In our case, the patient’s nausea persisted, and further evaluation identified a lateral gaze palsy. If brain CT was performed early in the ER, heparin and dual antiplatelet therapy, which increase the risk of bleeding, could be avoided. Also, the surgery for the cerebral hemorrhage could have been performed earlier. However, when our patient presented to the ER, her complaints did not include any specific neurological symptoms, such as headache or decreased consciousness. Thus, it was difficult to ascertain a neurological diagnosis.

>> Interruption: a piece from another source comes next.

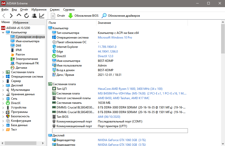 Процессор: AMD Ryzen 5 1600, 3400 MHz

Pheochromocytoma may have caused the cerebral hemorrhage and the abrupt elevation of blood pressure that followed. Pheochromocytoma is a rare tumor derived from the chromaffin cells. It is characterized by the production of catecholamines and other neuropeptides [25]. The clinical presentation of pheochromocytoma differs from blood pressure fluctuations due to an MI. The catecholamine surge induces vascular constriction and myocardial inotrope effects, which result in myocardial damage [26]. Pheochromocytoma is aggravated by consuming foods or beverages, such as wine, that are rich in tyramine [27]. At admission, her heart rate was 68 bpm, which is lower than what we anticipated considering pheochromocytoma. Moreover, blood pressure and pulse rate may fluctuate even during a pheochromocytoma crisis. Therefore, one hypothesis is that the patient developed a cerebral hemorrhage and cardiomyopathy initially during the crisis, and upon arrival to the hospital, the catecholamine surge had decreased temporarily. After the surgical treatment of the cerebral hemorrhage and the treatment of hypothermia, it is presumed that the adrenal surge was not revealed, and hypertension due to the pheochromocytoma was revealed again. Another hypothesis is that the pheochromocytoma was initially not a problem, but after the surgical treatment of the cerebral hemorrhage, it was stimulated by a stressful condition resulting in elevated blood pressure.
Both hypotheses suggest that the postoperative hypertension is due to the pheochromocytoma. This is based on the fluctuations in the patient’s blood pressure and pulse rate were generally parallel post-surgery (Fig. 6). Moreover, before visiting the ER, the patient had experienced increased blood pressure at home, but this was not documented in the hospital setting. This intermittent blood pressure elevation was likely a manifestation of the pheochromocytoma.
After the ICH treatment, her cardiac marker values normalized. Moreover, the resection of the pheochromocytoma reduced the number of anti-hypertensives required. Therefore, we assumed a catecholamine surge triggered by ingesting a tyramine-rich beverage caused paroxysmal hypertension and resulted in an ICH. Myocardial damage occurred as a direct effect of the catecholamine surge associated with pheochromocytoma. NSM from ICH also induced myocardial damage in this patient (Fig. 7).